The environmental dependence of the stellar and gas-phase mass-metallicity relation at 2 < z < 4

TL;DR

This study investigates how environment influences the stellar and gas-phase mass-metallicity relations of galaxies at redshifts 2 to 4, finding weak but notable effects in dense regions that challenge current models.

Contribution

It provides the first detailed analysis of environmental effects on metallicity relations at high redshift using deep spectroscopic data and multiple environmental criteria.

Findings

Galaxies in dense environments have lower metallicities than field galaxies.

Environmental effects are more significant in the densest overdensity structures.
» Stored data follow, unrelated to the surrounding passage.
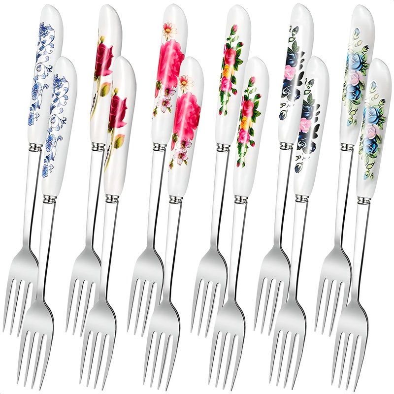 Stainless Steel Forks Set of 12 Dessert Fork Set Fruit Forks for Kids Lunch Reusable Forks: These stainless steel dinner forks are ideal for everyday usage, hotels, restaurants, parties, holiday meals, and other occasions. These heavy duty dinner forks have thick and weighted steel which is difficult to bend and are sharp enough to easily cut pork meal. This solid and long lasting long fork is easy to clean and dishwasher safe. Floral artwork printed on ceramic dinnerware set fork that look very appealing and attractive. The mirror-like finish of this kitchen silverware set brings out the genuine brilliance of the steel itself. These dinner forks set of 12 stainless steel have smooth edges with no rough patches. These dinnerware set for 12 forks have a nice weight and length, not too heavy, not too light. These kitchen forks only are well balanced and comfortable to hold. These stainless steel kitchen set forks with round edge design look elegant and classic so match well with your existing dinnerware and kitchen style. The smooth edge of this reusable fork would not hurt the mouth and hands. The ergonomics handle of these meat forks for kitchen are easy to hold. These forks would complement your current tableware with royal look to your regular meals and for parties. Specification Material: Ceramic, Stainless Steel Size: 8.3 x 1.0 x 0.5 inches Color: Silver Package Include: 12 x Stainless Steel Forks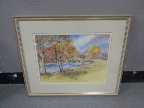 A watercolour, rural bridge scene, signed Williams, 52cm by 44cm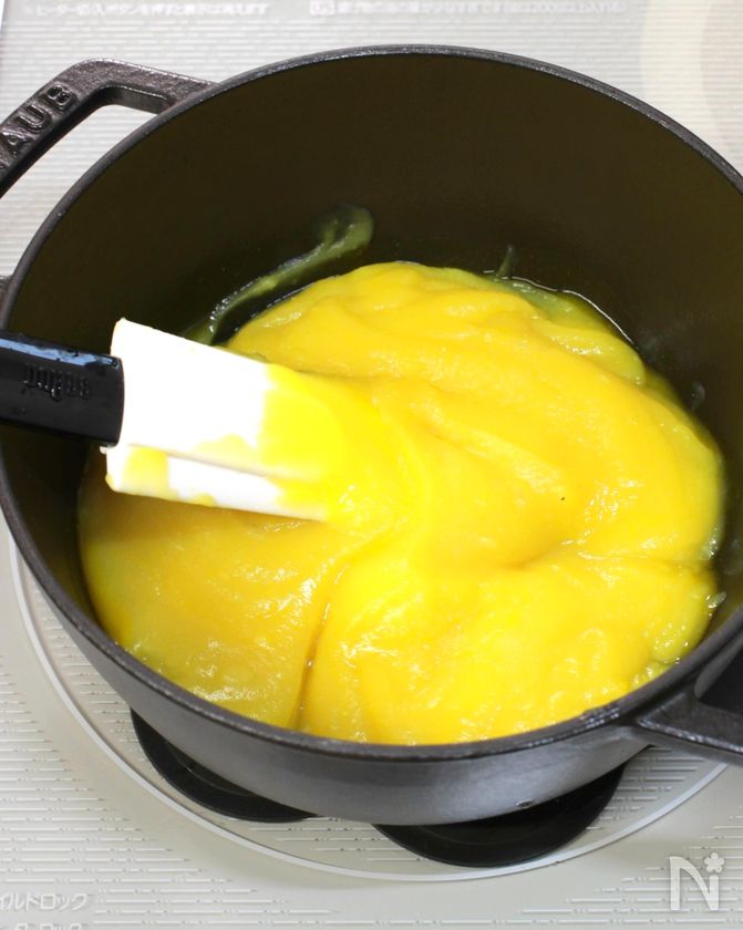 (4) 中弱火〜弱火で滑らかになるまで練ったら取り出し、栗甘露煮を乗せる。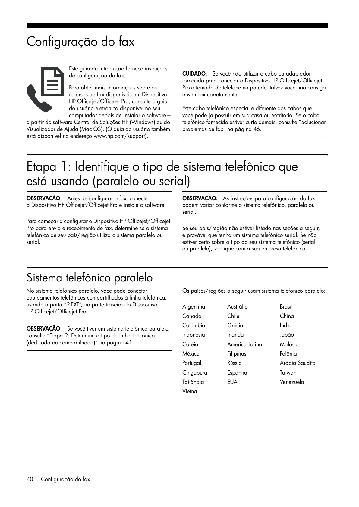 telefônico de seu país/região’utiliza o sistema paralelo ou

Results challenge existing semi-analytic models and simulations that predict no such offset.

Abstract

In the local universe, galaxies in clusters show different properties compared to more isolated systems. Understanding how this difference originates and whether it is already in place at high redshift is still a matter of debate. Thanks to uniquely deep optical spectra from the VANDELS survey, we investigate environmental effects on the stellar mass-metallicity relation (MZR) for a sample of ~1000 star-forming galaxies at 2<z<4. We complement our dataset with MOSFIRE follow-up of 21 galaxies to study the environmental dependence of the gas-phase MZR. Robust stellar and gas metallicities are derived, respectively, from well-calibrated photospheric absorptions features at 1501 and 1719 \AA in the stacked spectra, and from optical emission lines ([OII]3726-3729, [OIII]5007, and Hbeta) in individual systems. We characterize the environment through multiple criteria by using the local galaxy density maps previously derived in VANDELS. We find that environmental effects are weak at these redshifts, and more important around the densest overdensity structures, where galaxies have a lower stellar Z (by 0.2 dex) and a lower gas-phase Z (by 0.1 dex) compared to the field, with a significance of 1 and 2 sigma, respectively. Crucially, this offset cannot be explained by a selection effect due to a higher SFR, a fainter UV continuum, or different dust attenuations and stellar ages. Despite the still low S/N of our results, we propose a combination of increased mergers and high-speed encounters, more efficient AGN feedback in dense cores, and cold gas inflows as viable mechanisms diluting the metal content of overdense galaxies or expelling their metals to the IGM. Finally, some tensions remain with semi-analytic models and hydrodynamical simulations, which predict no significant offset as a function of host halo mass, suggesting that an explicit implementation of environmental processes is needed.